01 - Combine mayonnaise, Dijon mustard, horseradish, hot sauce, lemon juice, pickle relish, minced garlic, paprika, salt, and pepper in a small bowl. Mix thoroughly, cover, and refrigerate until ready to serve.
02 - Mix flour, cornmeal, paprika, garlic powder, cayenne, salt, and black pepper in a shallow bowl. In a separate bowl, whisk eggs with hot sauce until well combined.
03 - Pat shrimp dry with paper towels. Dip each shrimp first into the egg mixture, then press into the flour-cornmeal mixture, ensuring thorough coating on all sides.
04 - Heat 1 inch of vegetable oil in a large skillet or Dutch oven to 350°F. Fry shrimp in batches for 2-3 minutes per side until golden brown and crispy. Transfer to a paper towel-lined plate to drain.

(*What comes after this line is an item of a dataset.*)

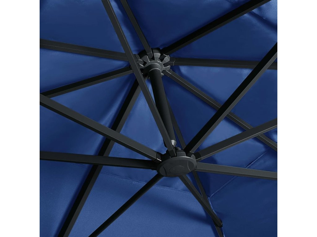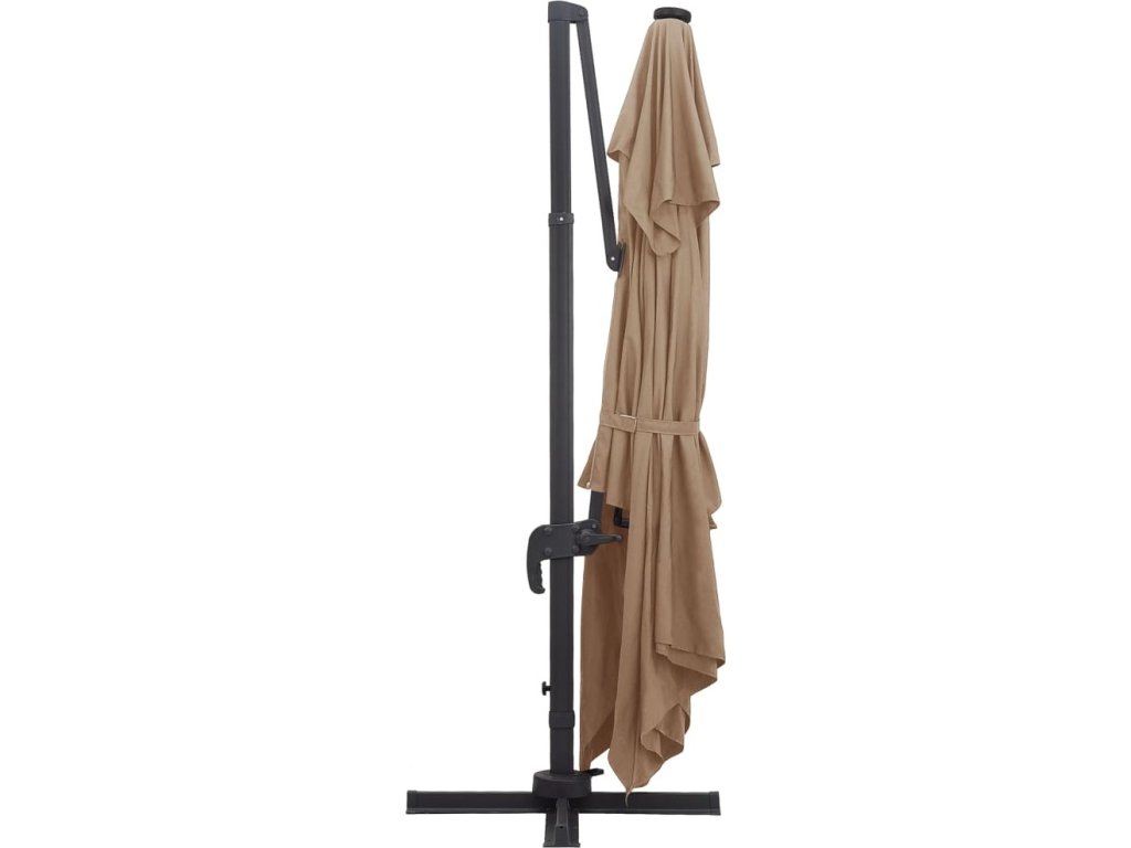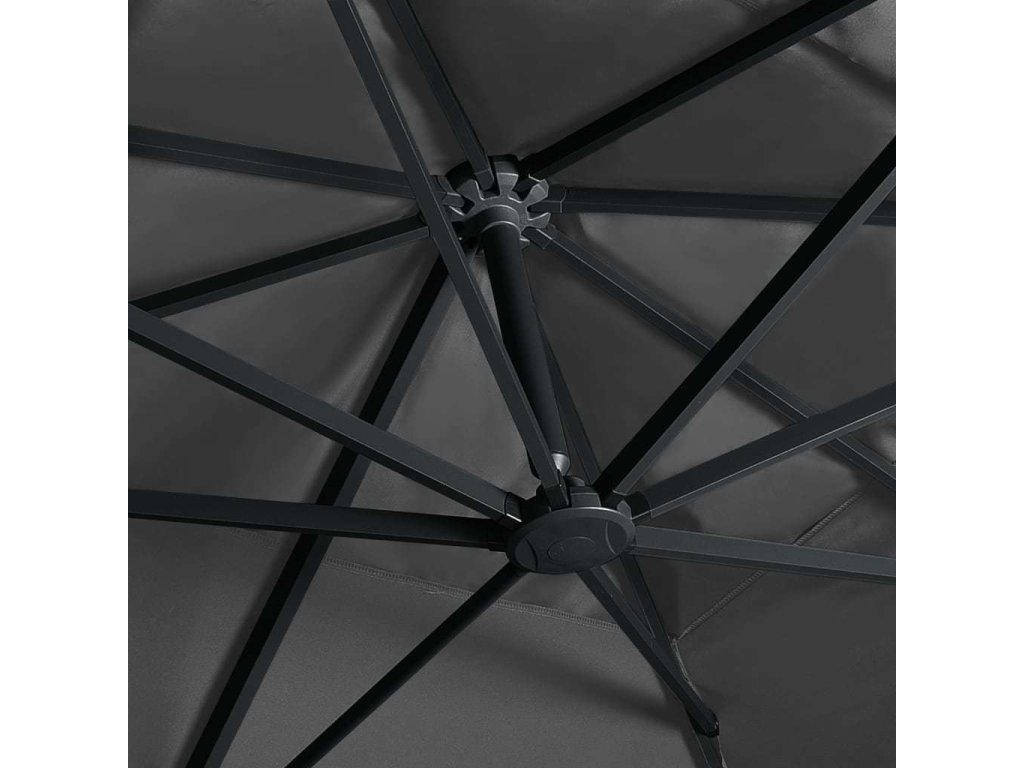 Stříška slunečníku je vyrobena z polyesterové tkaniny, která nepropouští škodlivé UV záření, neztrácí barvu a poskytne vám optimální ochranu před sluncem, a navíc se snadno čistí. Má 24 solárně poháněných LED světel, která při západu slunce automaticky osvětlí váš venkovní prostor a vytvoří útulnou atmosféru. Slunečník je vybaven pevnou křížovou základnou pro větší stabilitu. Pro otevření a zavření našeho zahradního slunečníku stačí otočit páčkou na tyči. Zatlačením nahoru nebo dolů si pak můžete nastavit úhel stříšky. Středovou tyč lze pomocí pedálu otáčet o 360 stupňů. Silná hliníková tyč s práškovým nástřikem s 8 odolnými žebry slunečníku zajišťuje stabilitu a dlouhou životnost. Sestavení produktu je snadné.

05 - Lightly toast the split French rolls or hoagie buns for added texture and to prevent sogginess.
06 - Spread remoulade sauce generously on both cut sides of each roll. Layer with shredded lettuce, tomato slices, red onion, and pickle slices. Pile fried shrimp on top and close the sandwich.
07 - Serve immediately while shrimp remains hot and crispy for optimal texture and flavor.